Cela fait plus d’un demi-siècle que règnent la paix entre l’Allemagne et la France, une amitié franco-allemande unique en son genre, la paix et la liberté en Europe. Tout cela n’est finalement qu’une brève période dans l’histoire de l’humanité. Mais c’est précisément cela qui nous incite à agir. Car l’Europe, c’est bien plus qu’une monnaie. Et la relation franco allemande est incontournable à cet égard. Elle a marqué très fortement l’unification européenne qu’elle a fait progresser, d’autant plus que ce n’est pas une relation exclusive. Elle n’exclut personne ; au contraire, chacun est invité à s’y associer pour travailler ensemble, en tant que partenaires, à bâtir une Europe forte, une Europe qui, s’appuyant sur nos valeurs communes, soit un havre de paix et de prospérité dans le monde du XXIe siècle et occupe avec assurance la place qui lui revient.

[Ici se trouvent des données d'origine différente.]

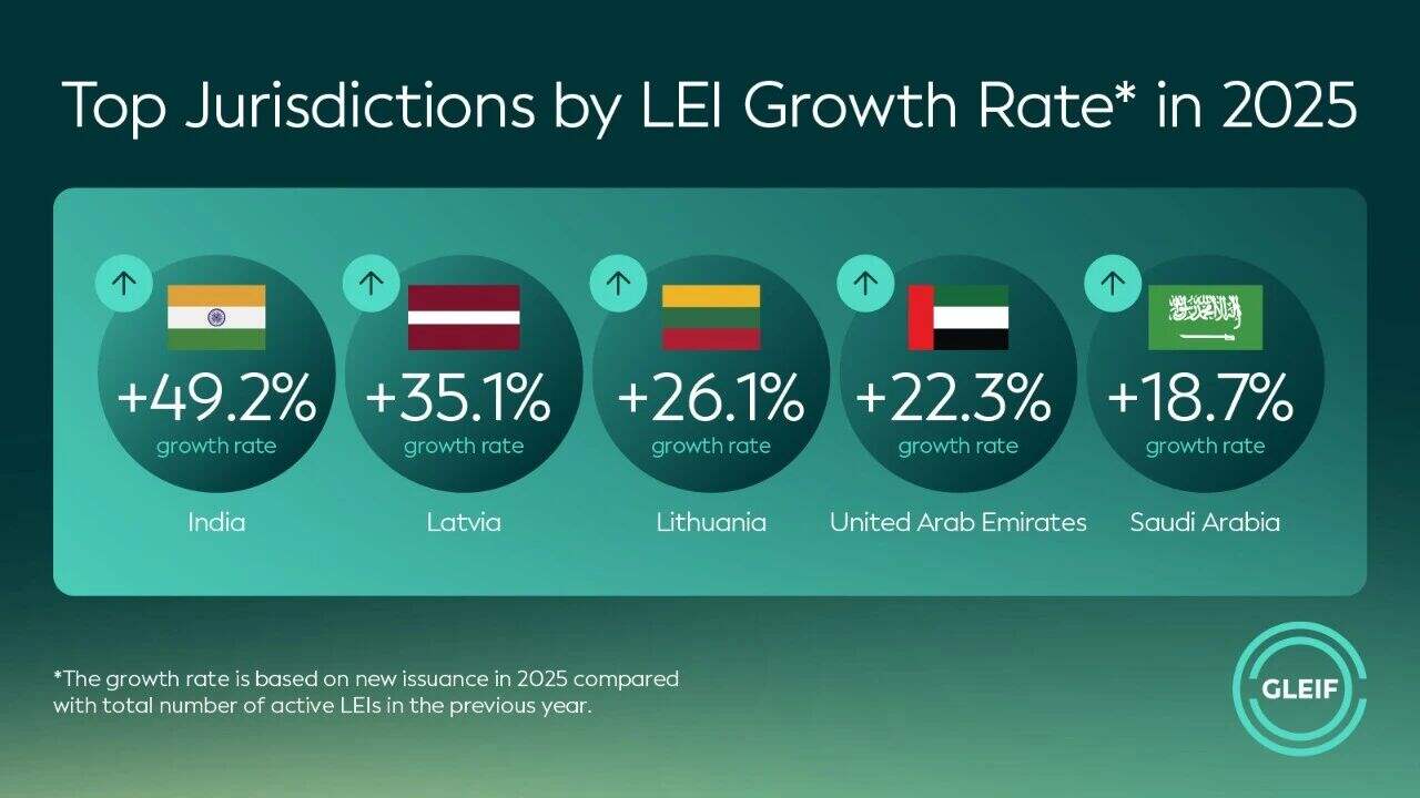 2025年,印度再次实现全球最高的LEI增长率(49.2%),并继续保持全球第二大活跃LEI总量司法辖区的地位。这一增长主要得益于印度监管机构对LEI的长期支持,使其成为提升印度金融体系和整体经济透明度的重要工具。
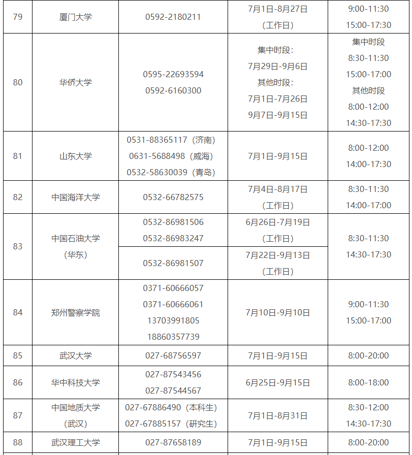 各省(自治區(qū)、直轄市)和中央部門所屬高校同步開通了熱線電話,電話號(hào)碼與開通時(shí)間可查看匯總表。

Mesdames, Messieurs, jusqu’en 1989, je n’ai moi-même, par la force des choses, pu suivre le chemin de la réconciliation franco-allemande que de loin, de l’autre côté du rideau de fer qui divisait l’Allemagne et l’Europe. Je n’en suis personnellement que plus consciente de la chance qui m’est offerte : ne plus devoir être une observatrice passive, mais pouvoir en personne participer à l’amitié franco-allemande et contribuer à l’unification européenne.

Je vous remercie donc très sincèrement, Monsieur le Président, cher François, de cette invitation. Notre commémoration commune de la messe de réconciliation il y a cinquante ans est un magnifique témoignage de la collaboration et de la confiance de nos pays et de nos peuples.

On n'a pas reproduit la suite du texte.